### BRIEF
Exactly as written, return every line of the data below apart from the pictures.

[SOURCE RECORDS Boundary: Start]

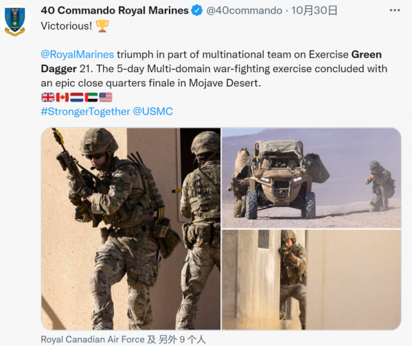 在《每日电讯报》的报道传播开后,美国海军陆战队的官方推特账号发布了一条消息,称美国海军陆战队有幸与英国海军陆战队一起训练,并指出联合训练使所有参与者受益。
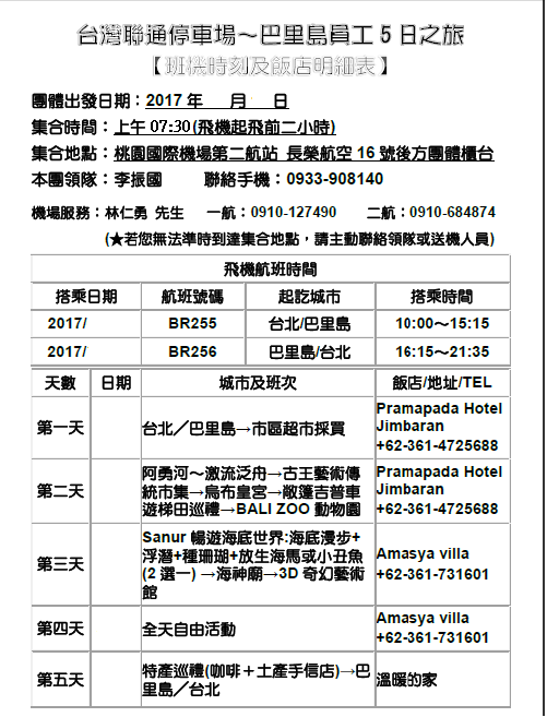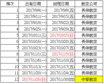 員工旅遊梯次及航班如下,屆時請自行前往桃園中正機場集合…如時間上有微調,會再通知。
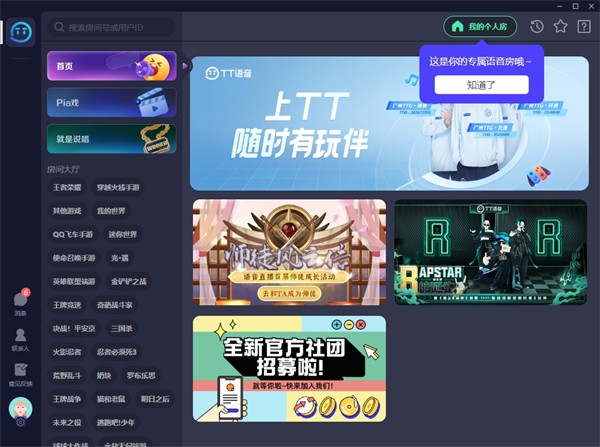 TT语音电脑开黑版是游戏玩家高效协作与娱乐互动的首选工具,大家可以在此寻找可靠车队,上车和同好闷一起并肩战斗,记得打开麦克风交流,时刻沟通调整作战策略,争取我方队伍能够把把赢得比赛,感兴趣的玩家不要错过了。
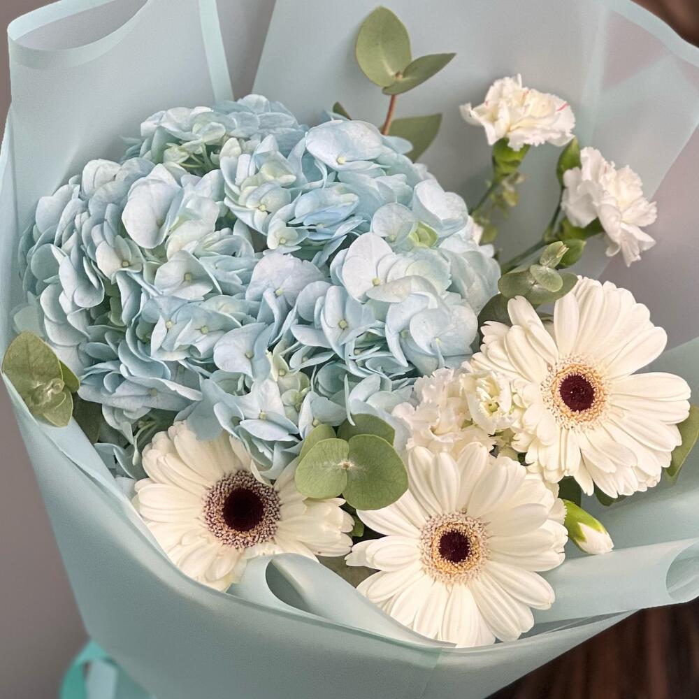 Нежный букет с голубой гортензией и гермини 🩵 в Лагани
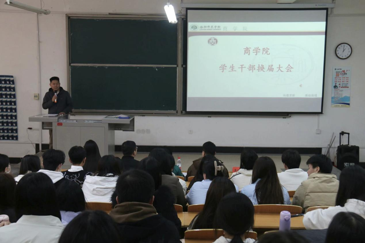 为进一步完善我院学生干部队伍建设工作,确保学院学生管理工作的传承性与连续性,我院于12月7日下午在A5-109教室召开学生干部换届大会。商学院党委副书记张瑞萍及全体辅导员老师受邀出席本次大会。
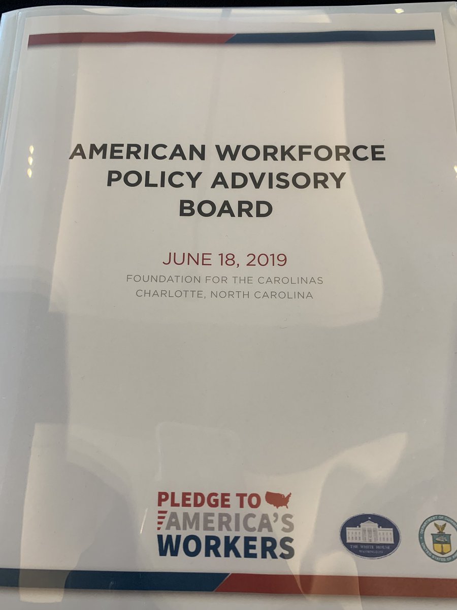 HAPPENING NOW: @IvankaTrump arrives at next stop, meeting of American Workforce Policy Advisory Board. The 21-member board includes one American mayor - @CLTMayor @ViLyles - who’s hosting the board’s 2nd official meeting (1st was in DC in March). @ABC11_WTVD @ABCPoliticspic.twitter.com/axz3Q9rtmC
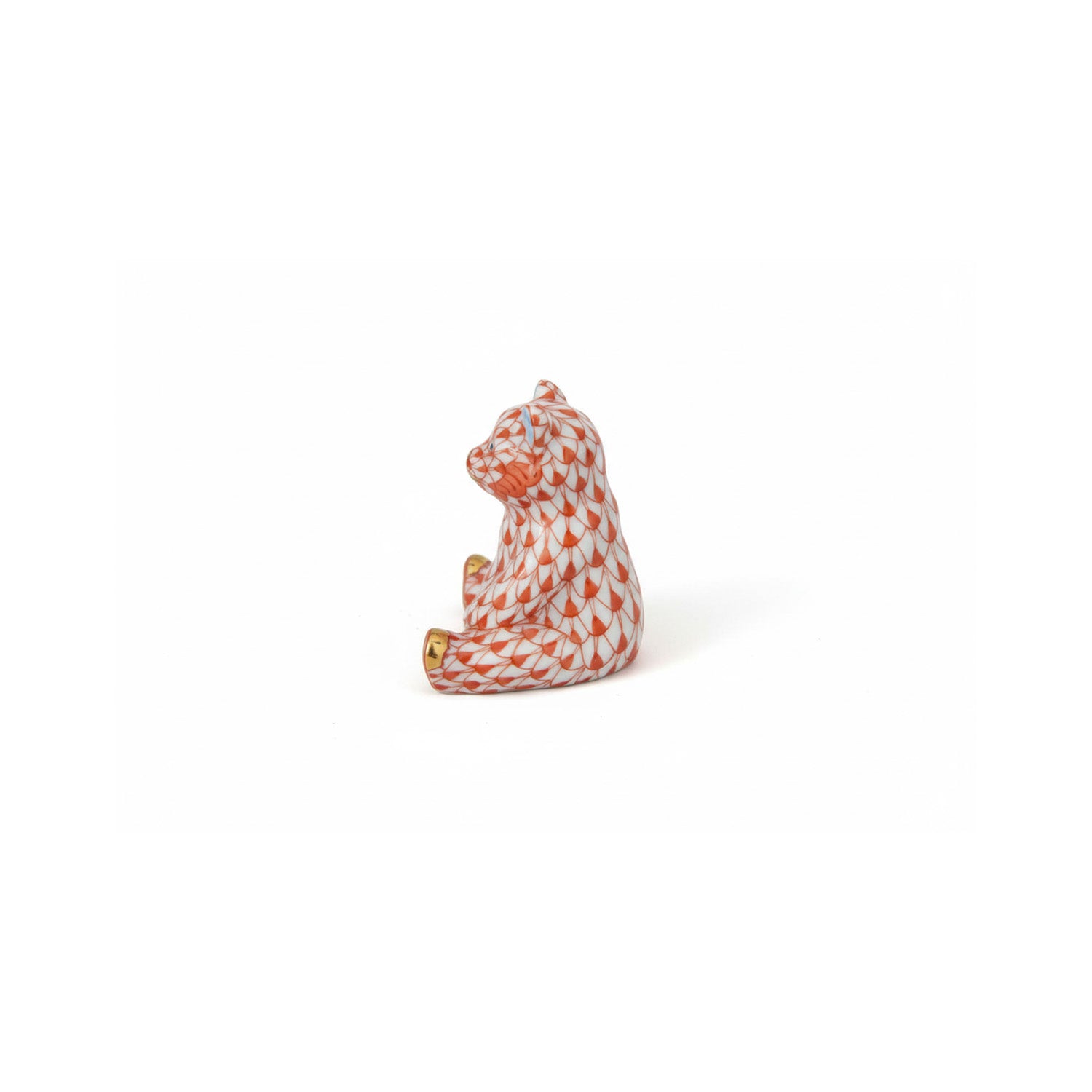 The Baby Bear Sitting Figurine is an exquisite piece from Herend, meticulously hand-painted to highlight every delicate feature. Accented with luxurious 24K gold gilding, this figurine embodies craftsmanship and artistic precision. Its charming design captures the innocence and playful spirit of a sitting bear, making it a sophisticated addition to refined collections. Perfect for displaying on shelves or as a thoughtful gift, this collectible serves as both an artful decor element and a celebration of traditional porcelain artistry.

[SOURCE RECORDS Boundary: End]

### EXERCISE ANSWER
 在《每日电讯报》的报道传播开后,美国海军陆战队的官方推特账号发布了一条消息,称美国海军陆战队有幸与英国海军陆战队一起训练,并指出联合训练使所有参与者受益。
 員工旅遊梯次及航班如下,屆時請自行前往桃園中正機場集合…如時間上有微調,會再通知。
 TT语音电脑开黑版是游戏玩家高效协作与娱乐互动的首选工具,大家可以在此寻找可靠车队,上车和同好闷一起并肩战斗,记得打开麦克风交流,时刻沟通调整作战策略,争取我方队伍能够把把赢得比赛,感兴趣的玩家不要错过了。
 Нежный букет с голубой гортензией и гермини 🩵 в Лагани
 为进一步完善我院学生干部队伍建设工作,确保学院学生管理工作的传承性与连续性,我院于12月7日下午在A5-109教室召开学生干部换届大会。商学院党委副书记张瑞萍及全体辅导员老师受邀出席本次大会。
 HAPPENING NOW: @IvankaTrump arrives at next stop, meeting of American Workforce Policy Advisory Board. The 21-member board includes one American mayor - @CLTMayor @ViLyles - who’s hosting the board’s 2nd official meeting (1st was in DC in March). @ABC11_WTVD @ABCPoliticspic.twitter.com/axz3Q9rtmC
 The Baby Bear Sitting Figurine is an exquisite piece from Herend, meticulously hand-painted to highlight every delicate feature. Accented with luxurious 24K gold gilding, this figurine embodies craftsmanship and artistic precision. Its charming design captures the innocence and playful spirit of a sitting bear, making it a sophisticated addition to refined collections. Perfect for displaying on shelves or as a thoughtful gift, this collectible serves as both an artful decor element and a celebration of traditional porcelain artistry.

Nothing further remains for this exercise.